Hope this feeling stays

This weekend I’ve been feeling very motivated. I did wedding crafts with a friend and we got so much done! We even were able to sneak in a nail appointment and she made me get back on tik tok LOL. Honestly though, learning those dances is a work out.

Speaking of which, I started adding in little workouts to my schedule these past few days. Nothing intense, but I do want to lose some weight/gain some muscle over the next few months so I’m going to be watching what I’m eating more and making sure I’m getting active!

Today I got a lot done around the house, and my friend came by to pick up a project that my other friend and I collaborated on for her! The best part was when she sent me the money on Venmo, I realized I never transferred previous money to my account so I ended up having an extra $100 I didn’t know I had (which will definitely help for this upcoming tattoo appointment in a couple weeks).

Anyways, I’m really trying to keep myself motivated and keep my head up! I have to start dedicating time to myself and my health, now that I’m finally feeling better!

Feeling better

I am finally starting to feel normal again. This morning I had a follow up appointment with my PCP and she prescribed omeprazole to help with my symptoms, so I’m hoping this helps as well and everything goes away.

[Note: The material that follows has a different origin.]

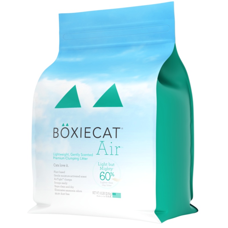 Boxiecat Air litter is light on what you dont want but mighty on what you need because we believe you should experience lightweight litter without compromising on performance. AirTight clumps lock in odors, scoop easily, and dont crumble. Enjoy a super clean litter box while saying goodbye to weight, odors, and dust. Boxiecat Air is plant based, renewable, biodegradable, sustainable, and USA sourced.

This is going to be a productive week at work as we only have patients coming in on Friday, so we get to play catch up on claims and billing which is much needed! This office had some less than competent people up front for the past several months, so there is plenty to clean up!

It is so satisfying to get messes fixed and organize the office. I can’t wait to get everything exactly how I want it and continue to bring in new patients to the practice. For this week I am planning to get off around 3-4pm every day, so I will be working on crafting projects and exercising.

I have to continue to work on myself and I have to stop all of the self-loathing. I broke down on Saturday, because I just was feeling like I was ruining everyone’s plans and I was constantly forgetting things. After talking to my boyfriend, we came to the conclusion I have spread myself too thin with work/friends(weddings).

With my hands in too many things, I can’t be giving 100% to everything, and that makes me more upset because I have pretty high expectations of myself. I have to take a step back and think things through before I’m saying “yes!” to everyone and ask myself if it’s something I can actually handle taking on. Boundaries are important, and they only work if you enforce them.